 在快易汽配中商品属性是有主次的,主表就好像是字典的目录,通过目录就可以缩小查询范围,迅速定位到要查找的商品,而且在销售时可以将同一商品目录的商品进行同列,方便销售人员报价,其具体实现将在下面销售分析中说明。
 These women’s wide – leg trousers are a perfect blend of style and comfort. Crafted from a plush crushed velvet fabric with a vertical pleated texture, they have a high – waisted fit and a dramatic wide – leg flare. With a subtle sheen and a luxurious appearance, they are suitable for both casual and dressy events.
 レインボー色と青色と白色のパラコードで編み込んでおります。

....

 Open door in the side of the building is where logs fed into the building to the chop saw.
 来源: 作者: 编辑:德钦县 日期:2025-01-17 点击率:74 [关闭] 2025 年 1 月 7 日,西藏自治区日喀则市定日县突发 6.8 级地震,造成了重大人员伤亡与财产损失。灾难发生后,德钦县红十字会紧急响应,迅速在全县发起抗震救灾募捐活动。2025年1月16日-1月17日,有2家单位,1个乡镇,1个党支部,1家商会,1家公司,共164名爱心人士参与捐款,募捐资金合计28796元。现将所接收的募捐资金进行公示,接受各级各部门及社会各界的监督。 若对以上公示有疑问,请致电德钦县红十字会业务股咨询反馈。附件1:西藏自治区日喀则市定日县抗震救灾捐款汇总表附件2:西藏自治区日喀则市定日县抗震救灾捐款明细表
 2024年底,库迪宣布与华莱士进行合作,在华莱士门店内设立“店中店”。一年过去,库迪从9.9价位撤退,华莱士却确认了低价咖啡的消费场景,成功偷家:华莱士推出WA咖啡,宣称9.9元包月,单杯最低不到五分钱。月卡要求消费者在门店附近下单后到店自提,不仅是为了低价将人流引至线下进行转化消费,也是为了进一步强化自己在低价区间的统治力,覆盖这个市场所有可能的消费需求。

....

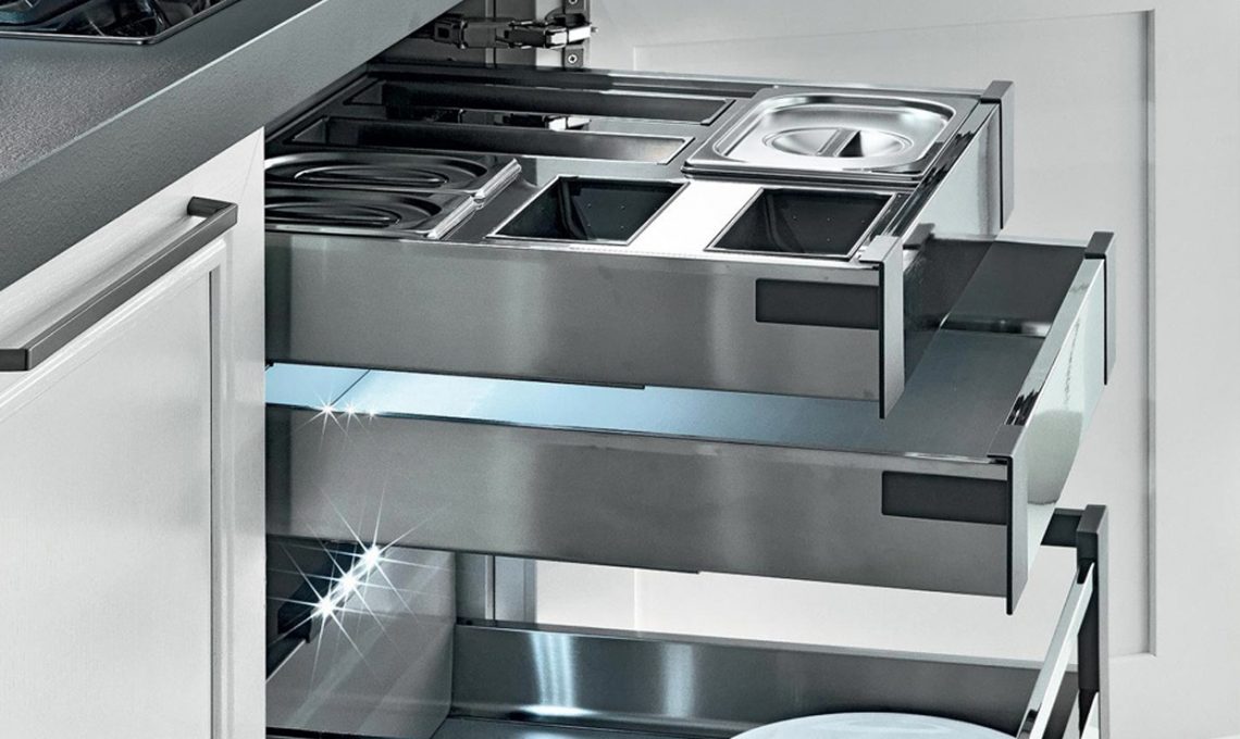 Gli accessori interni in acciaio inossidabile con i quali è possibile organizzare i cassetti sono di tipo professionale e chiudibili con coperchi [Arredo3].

....

Could you reproduce, exactly, every line above from the line with "在快易汽配中商品属性是有主次" to the line with "レインボー色と青色と白色のパラコードで編み込んでおります。", and no other line? Both ends count.

Result of this task
 在快易汽配中商品属性是有主次的,主表就好像是字典的目录,通过目录就可以缩小查询范围,迅速定位到要查找的商品,而且在销售时可以将同一商品目录的商品进行同列,方便销售人员报价,其具体实现将在下面销售分析中说明。
 These women’s wide – leg trousers are a perfect blend of style and comfort. Crafted from a plush crushed velvet fabric with a vertical pleated texture, they have a high – waisted fit and a dramatic wide – leg flare. With a subtle sheen and a luxurious appearance, they are suitable for both casual and dressy events.
 レインボー色と青色と白色のパラコードで編み込んでおります。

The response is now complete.